Discuss your observations.

### Question 4: Create the histogram of movie description length. Set the number of bins to 20.

In [None]:
def hist_description_length(movies):
    # Given movies dataframe, implement the function that generates a histogram of movies description length. 
    # Hint: in histogram, x-axis shows the length of description, and y-axis shows the number of movies with the corresponding length.

    ############# Your code here ############
    
    #########################################
    
hist_description_length(movies)

Discuss your observations.

# 2) Deriving content representation with BERT

BERT (Bidirectional Encoder Representations from Transformers) provides rich, contextual embeddings that can capture semantic meaning. See [Devlin, Jacob, et al. "Bert: Pre-training of deep bidirectional transformers for language understanding." NAACL-HLT 2 2019](https://aclanthology.org/N19-1423.pdf) for more details.

In [14]:
def create_bert_embeddings(content):
    """
    Generate BERT embeddings for movie content.

    Args:
        content: Content of items

    Returns:
        numpy.ndarray: BERT embeddings matrix
    """
    if not BERT_AVAILABLE:
        print("BERT libraries not available. Install with: pip install transformers torch")
        return None

    if content is None:
        return None

    if isinstance(content, pd.Series):
        content = content.fillna("").astype(str).tolist()
    elif isinstance(content, np.ndarray):
        content = content.astype(str).tolist()
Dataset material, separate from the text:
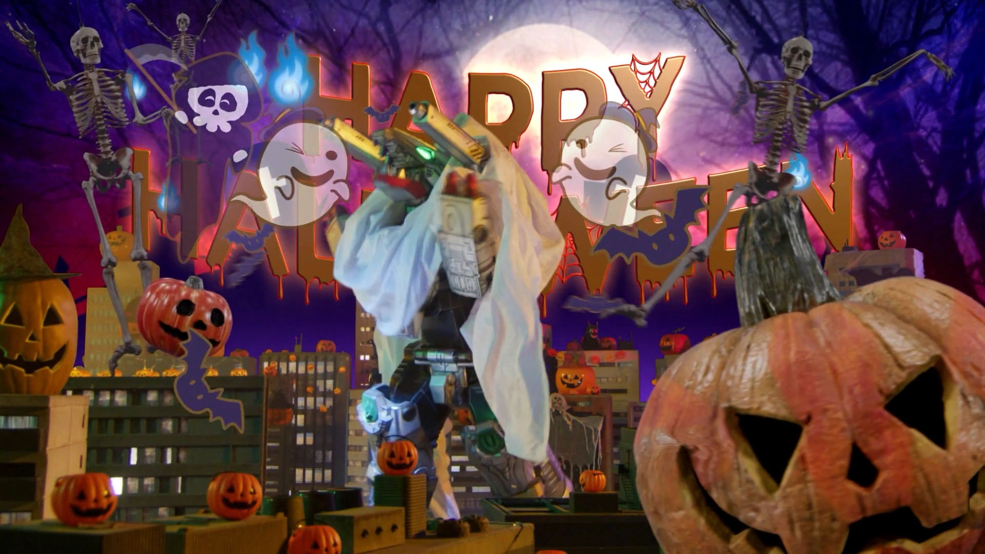Halloween. Today is the happiest day for everyone working at the Colorful Candy Cafe! At least, it was supposed to be… On the day everything is prepared, people are convinced that Tojitendo is somehow behind all the "Trick-or-Treaters" this year! As they expected, Halloween World was behind all of this! Although Hakaizer stands between Halloween World and the Zenkaigers, Halloween World's pumpkin head suddenly goes flying off as his own power level drops significantly! The mobs of angry candy-goers subsides for a while, however, once his power returns…! Halloween. Today is the day of our crusade! The Zenkaigers, the World Pirates, Hakaizer, and even Stacy joins in the crazy "trick-or-treating" pumpkin fray! Halloween. Is an impactful day for our warrior fighters!

    model_name = 'distilbert-base-uncased'

    print(f"Loading BERT model: {model_name}")

    # Load tokenizer and model
    tokenizer = AutoTokenizer.from_pretrained(model_name)
    model = AutoModel.from_pretrained(model_name)

    # Set device (GPU if available)
    device = torch.device('cuda' if torch.cuda.is_available() else 'cpu')
    print(f"Using cuda or cpu: {device}")
    model.to(device)
    model.eval()

    print(f"Using device: {device}")

    # Generate embeddings in batches
    batch_size = 32  # Adjust based on available memory
    emb = []

    for i in range(0, len(content), batch_size):
        if i % (batch_size * 10) == 0:
            print(f"Processing batch {i//batch_size + 1}/{len(content)//batch_size + 1}")

        batch_texts = content[i:i + batch_size]

        # Tokenize batch
        inputs = tokenizer(
            batch_texts,
            padding=True,
            truncation=True,
            max_length=512,
            return_tensors='pt'
        )

        # Move to device
        inputs = {k: v.to(device) for k, v in inputs.items()}

        # Generate embeddings
        with torch.no_grad():
            outputs = model(**inputs)

            # Use [CLS] token embedding (first token)
            batch_embeddings = outputs.last_hidden_state[:, 0, :].cpu().numpy()
            emb.extend(batch_embeddings)

    emb = np.array(emb)

    print(f"BERT embeddings generated: {emb.shape}")
    print(f"Embedding dimension: {emb.shape[1]}")

    return emb

You can get the content representation using BERT as follows:

In [None]:
# Sample content
sample_content = ['aa','ab','ac','bc']

# Generate BERT embeddings (this may take several minutes)
print("Generating BERT embeddings...")
bert_embeddings = create_bert_embeddings(sample_content)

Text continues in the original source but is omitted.